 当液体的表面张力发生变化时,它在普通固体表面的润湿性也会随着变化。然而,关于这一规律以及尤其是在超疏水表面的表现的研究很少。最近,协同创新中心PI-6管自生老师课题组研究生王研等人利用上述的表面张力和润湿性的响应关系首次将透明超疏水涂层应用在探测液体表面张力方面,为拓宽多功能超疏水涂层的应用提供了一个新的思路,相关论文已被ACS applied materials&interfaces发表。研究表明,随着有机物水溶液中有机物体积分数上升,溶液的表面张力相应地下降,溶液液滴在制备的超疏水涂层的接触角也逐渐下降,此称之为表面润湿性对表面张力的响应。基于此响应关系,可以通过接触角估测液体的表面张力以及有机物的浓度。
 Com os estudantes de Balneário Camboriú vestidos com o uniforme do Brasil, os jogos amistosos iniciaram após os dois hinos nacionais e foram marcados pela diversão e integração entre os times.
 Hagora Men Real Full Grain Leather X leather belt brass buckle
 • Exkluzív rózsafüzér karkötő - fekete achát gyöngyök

...

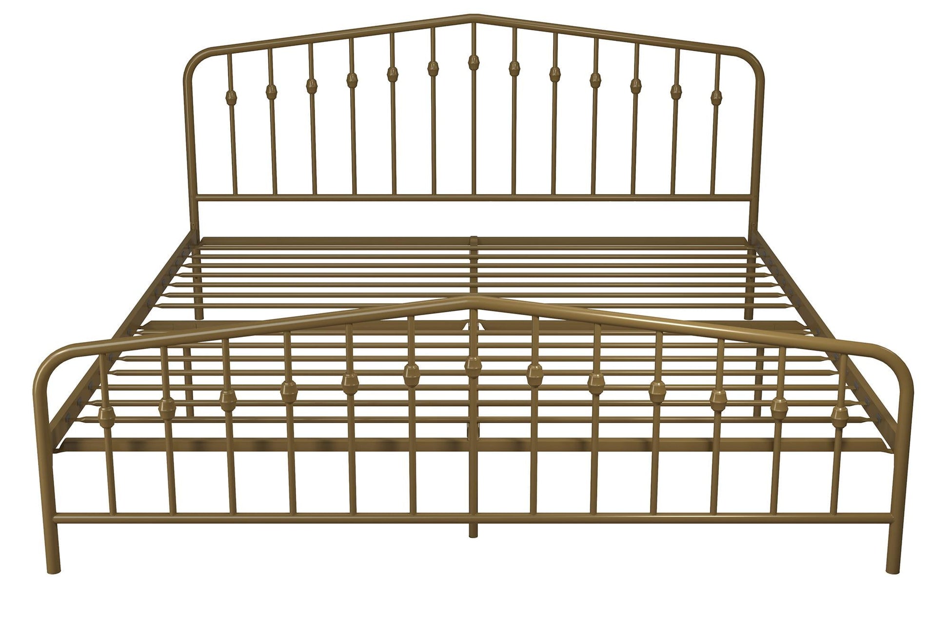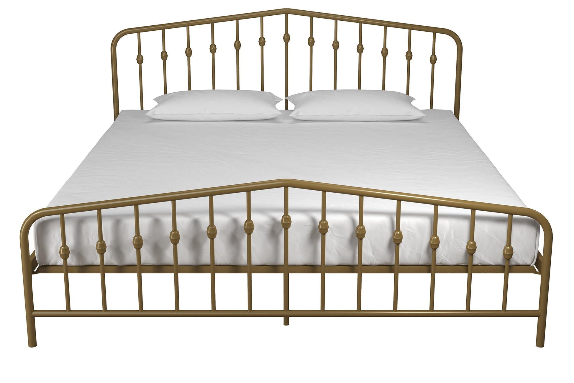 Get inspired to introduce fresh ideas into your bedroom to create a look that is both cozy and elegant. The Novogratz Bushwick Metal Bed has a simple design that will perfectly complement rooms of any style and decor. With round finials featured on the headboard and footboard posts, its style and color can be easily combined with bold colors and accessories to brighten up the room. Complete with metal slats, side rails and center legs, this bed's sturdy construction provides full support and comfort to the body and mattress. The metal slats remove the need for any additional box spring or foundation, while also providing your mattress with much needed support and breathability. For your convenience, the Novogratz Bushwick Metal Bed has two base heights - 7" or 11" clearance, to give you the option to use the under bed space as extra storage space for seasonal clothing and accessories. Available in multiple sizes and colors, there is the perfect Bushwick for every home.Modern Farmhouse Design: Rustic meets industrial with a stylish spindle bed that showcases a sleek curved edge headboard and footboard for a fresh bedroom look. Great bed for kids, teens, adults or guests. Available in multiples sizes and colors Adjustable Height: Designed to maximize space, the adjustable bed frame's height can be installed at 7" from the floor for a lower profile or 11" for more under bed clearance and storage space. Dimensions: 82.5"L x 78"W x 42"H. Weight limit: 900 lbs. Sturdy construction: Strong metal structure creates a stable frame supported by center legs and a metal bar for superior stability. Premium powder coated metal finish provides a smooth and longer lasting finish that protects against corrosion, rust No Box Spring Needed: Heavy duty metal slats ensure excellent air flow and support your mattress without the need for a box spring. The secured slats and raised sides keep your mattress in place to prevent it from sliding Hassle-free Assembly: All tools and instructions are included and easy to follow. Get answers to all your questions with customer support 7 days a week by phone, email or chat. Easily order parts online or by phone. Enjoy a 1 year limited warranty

Your instructions
Could you transcribe the entries above word for word, from the line with "Hagora Men Real" down to the line with "fekete achát gyöngyök", keeping both?

Response to this exercise
 Hagora Men Real Full Grain Leather X leather belt brass buckle
 • Exkluzív rózsafüzér karkötő - fekete achát gyöngyök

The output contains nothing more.